Keenan will be excited to see that there is a possible TFF. I'm all in, like Jason said, with the few people that normally play this new game mode is perfect.


----------



## Keenan (Aug 14, 2012)

Prof Gallows said:


> Keenan will be excited to see that there is a possible TFF. I'm all in, like Jason said, with the few people that normally play this new game mode is perfect.


Of course I am. This update looks amazing and I'll be more than happy to play.


----------



## Brad (Aug 15, 2012)

C'mon!!! Update!!!!


----------



## «Jack» (Aug 15, 2012)

IT HAS ALMOST BEGUN

http://www.teamfortress.com/mvm/bounty/


----------



## SockHead (Aug 15, 2012)

I'm down to play this Friday if there's an open slot.


----------



## Keenan (Aug 15, 2012)

So let me get this straight... Firstoff, it's not a separate gamemode, you play it on any old server? If it's a regular server, it's free, but it doesn't count towards any sort of progress/items? To track your progress and get items, you need to play on an official Mann Co map, which requires you to buy a voucher? Do you need to buy a voucher every time you play, or is it good forever?

I don't know if this is what you guys were expecting, but it's not even close to what I was...


----------



## Prof Gallows (Aug 15, 2012)

So how does it work exactly?
I know only five people can play, and your items and junk don't carry over to multiplayer.

What else?


----------



## Justin (Aug 15, 2012)

Keenan said:


> So let me get this straight... Firstoff, it's not a separate gamemode, you play it on any old server? If it's a regular server, it's free, but it doesn't count towards any sort of progress/items? To track your progress and get items, you need to play on an official Mann Co map, which requires you to buy a voucher? Do you need to buy a voucher every time you play, or is it good forever?
> 
> I don't know if this is what you guys were expecting, but it's not even close to what I was...
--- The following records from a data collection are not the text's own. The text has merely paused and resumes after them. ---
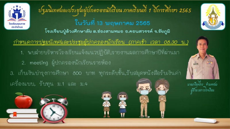 กิจกรรมปฐมนิเทศและประชุมผู้ปกครองนักเรียน ภาคเรียนที่ 1 ปีการศึกษา 2565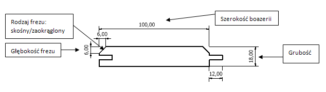 Poniższy rysunek obrazuje podstawowe parametry deski boazeryjnej.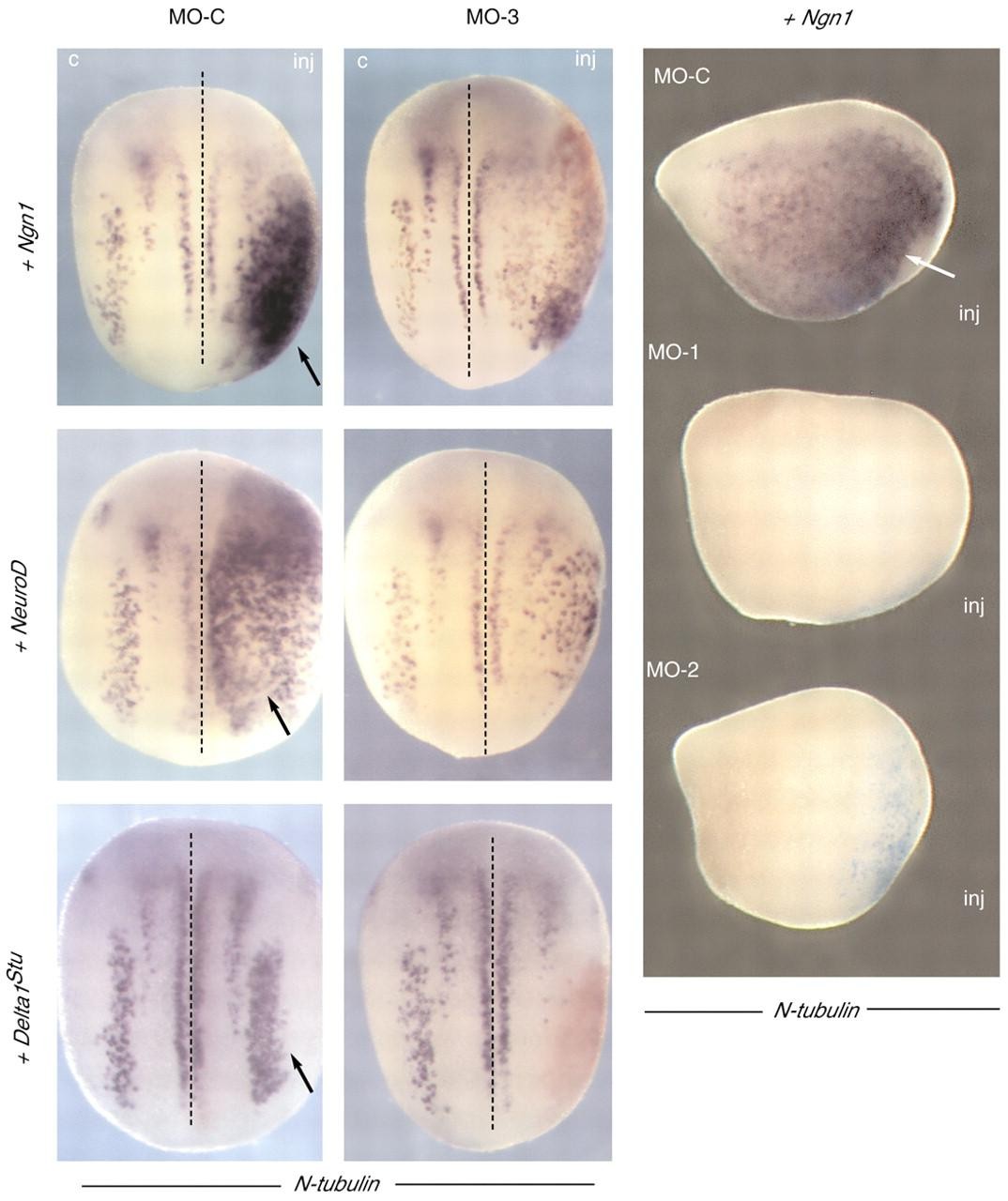 Fig. 3. Gli1, Gli2 and Gli3 are required for ectopic neurogenesis by activated neurogenic pathways. (Left panels) N-tubulin expression (purple) on stage 14-15 embryos co-injected (inj.) with Ngn1, NeuroD or Delta1Stu and MO-C or MO-3, as indicated. Arrows indicate ectopic neuronal differentiation caused by Ngn1, NeuroD or Delta1Stu. Panels show dorsal views and the β-gal injection tracer is in red/pink for Delta1Stu+MO-3. (Right panel) Lateral views of injected embryos at stage 13 showing the β-gal injection tracer in light blue. Ectopic neurogenesis as determined by N-tubulin expression (purple, arrow) is only detected after injection of 1ng Ngn1a RNA plus MO-C, but not after co-injection of Ngn1a plus MO-1 or MO-2. Dorsal side is upwards, anterior towards the right. |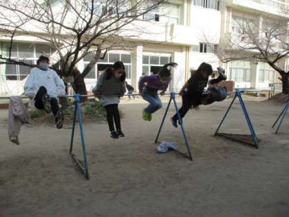 大放課に中庭へ行ってみると、“鉄棒女子”に出会いました。すごいんですよ。前回りや後ろ回りの連続技をびゅんびゅんと…。後ろ回りはできる子が多いのですが、前回りは難しく、できる子は少ないんです。鉄棒のスキルもさることながら、目が回らないのもすごいな〜。若さかな〜。私などは、すぐに気持ちが悪くなるやら、星が出るやら…。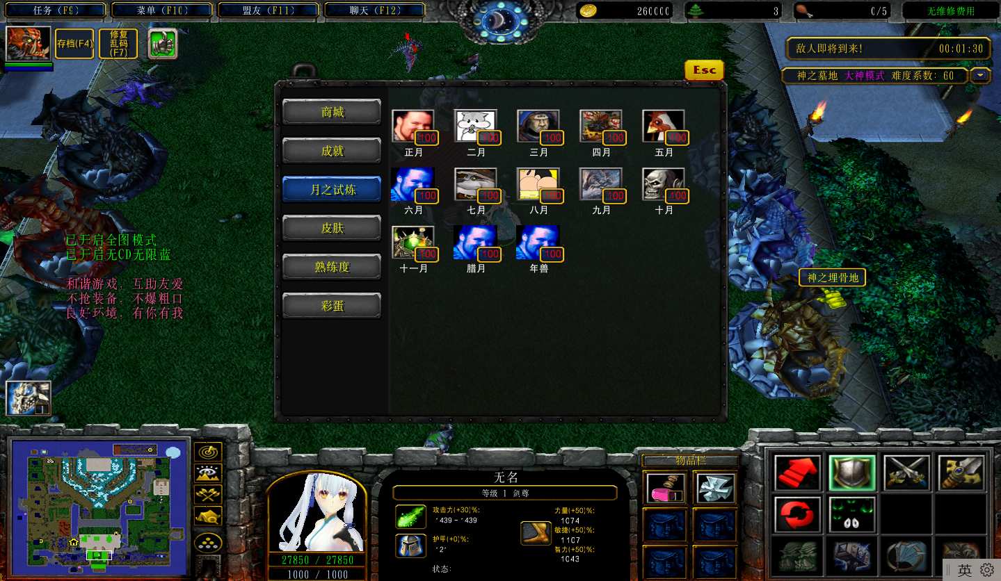 地图名字:神之墓地2.9.177地图下载+全商城特权+全存档+无CD+指令功能

No, it's definitely a whole separate game mode with new maps and all that jazz. The confusing part is that to play on an official Valve server which has Mann Up Mode then you need to pay for a ticket. Mann Up Mode lets you get cosmetic items (hats and such) and track stats while the normal Mann vs Machine does not. I know it's confusing!


----------



## Elliot (Aug 15, 2012)

go steam go


----------



## Keenan (Aug 15, 2012)

Justin said:


> No, it's definitely a whole separate game mode with new maps and all that jazz. The confusing part is that to play on an official Valve server which has Mann Up Mode then you need to pay for a ticket. Mann Up Mode lets you get cosmetic items (hats and such) and track stats while the normal Mann vs Machine does not. I know it's confusing!


So by a separate game mode you mean it will be in the list with payload, control points, etc? Do you need to re-buy your ticket every time you play Mann up mode? And Gallows, you said that items don't carry over? It's only the stock?

I'm going to go eat some cereal so I don't get confubsed.


----------



## Justin (Aug 15, 2012)

Keenan said:


> So by a separate game mode you mean it will be in the list with payload, control points, etc? Do you need to re-buy your ticket every time you play Mann up mode? And Gallows, you said that items don't carry over? It's only the stock?
> 
> I'm going to go eat some cereal so I don't get confubsed.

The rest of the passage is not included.